Majah's Thai green tofu and chicken curry


I was eating dinner with Marco when suddenly my cellphone vibrated. 1 message received and it's from Majah. She was excited telling me that I would be having another subject for my blog. (Wow! That's cool!) It's the Thai green tofu and chicken curry that she would be experimenting with this time. It would be a combination of green chicken curry and green tofu curry recipes. She has tried the red and the yellow curries. Both have passed with flying colors. Delicious masterpieces indeed. And now the green one, how exciting!

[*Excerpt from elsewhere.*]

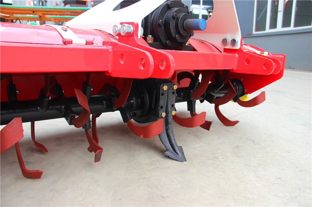 我公司果園管理機配套的旋耕機具有結(jié)構(gòu)簡單,設計合理,輕便靈活等特點.旋耕機按作業(yè)幅寬可分為1米型、1.3米型、1.4米型、偏置1.5米單側(cè)加寬型幾種,用戶可以根據(jù)作業(yè)需要選用。另外,該旋耕機可安裝我公司生產(chǎn)的鋤草輪,進行果園除草作業(yè),具有作業(yè)效率高,拆裝靈活等特點。
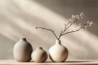 Deze kunstfoto vat de essentie van rust en eenvoud met een zorgvuldige compositie van drie aardewerken vazen in aardetinten, waarvan twee versierd met delicate takken met subtiele witte bloesems. De zachte schaduwen en minimalistische vormgeving ademen een serene, verstilde schoonheid uit die zowel esthetisch als emotioneel aansprekend is.

Came early at the condo, I was watching tv while waiting for her chopper to arrive :P. After a couple of hours, she entered the flat carrying bags of ingredients and other goodies she bought in Shopwise and in Duty Free Clark (Pampanga). My face lighted up, thrilled with the new oriental cuisine yet to be borned. She rested for a while. We had a little chit chat. Other friends arrived. Then she started to prepare and cook. Too bad my eyes got heavy since it was past 1 AM already. I did not have the chance to see the end product (sigh). I just had Ate Shiela take the picture of the curry and I'm glad she did not forget. Anyway, here's the recipe. Enjoy!

INGREDIENTS:

2 large chicken breast (cut into chunks)
1/2 cup firm Tofu (cut into cubes)
1 green pepper (cut into strips)
1/2 onion (chopped)
1 small cauliflower (cut into small bite size)
1 lime (cut into halves/to be juiced)
dried mushrooms
2 tbsp soy sauce
2 cups kakang gata or coconut milk
3/4 cup gata or coconut milk (pangalawang piga or second wash)
1 cup chicken stock
1/4 cup dry niyog or coconut (to be roasted)
Thai green curry paste (Majah doesn't like using powder)
sugar
ginger cut into thin strips
patis (fish sauce)
1 tbsp canola/vegetable oil
Maggi Magic Sarap granules


COOKING PROCEDURE:

Marinade chicken chunks in soy sauce and lime juice for 30-60 minutes. Roast the niyog in a pan until golden brown. Set aside. In a pot, saute onions, bell pepper, and ginger in oil. Add the chicken chunks and continue to saute until flavor mixes with the meat. Mix 1 tbsp of curry paste, saute until all meat is covered. Cook till light brown. Dilute 2 tbsp of green curry paste in 1/2 cup chicken stock. (Thai paste is stronger than the usual curry powder. Do not put too much unless you really want your dish to be super hot.) Add in the pot. Mix roasted niyog and set aside about 1 tbsp for later. Let simmer for a couple of minutes. Add gata (pangalawang piga), and magic sarap granules. Mix well and let it simmer for a few minutes. Add kakang gata, then set aside about 3/4 cup. Add cauliflower and mushrooms. Simmer for a few minutes. Add tofu. Add patis and sugar to taste. For a spicier dish, add more curry paste. Add either chicken stock or gata until it reaches the desired spicyness . Once cooked, add some lime juice. Serve in a bowl.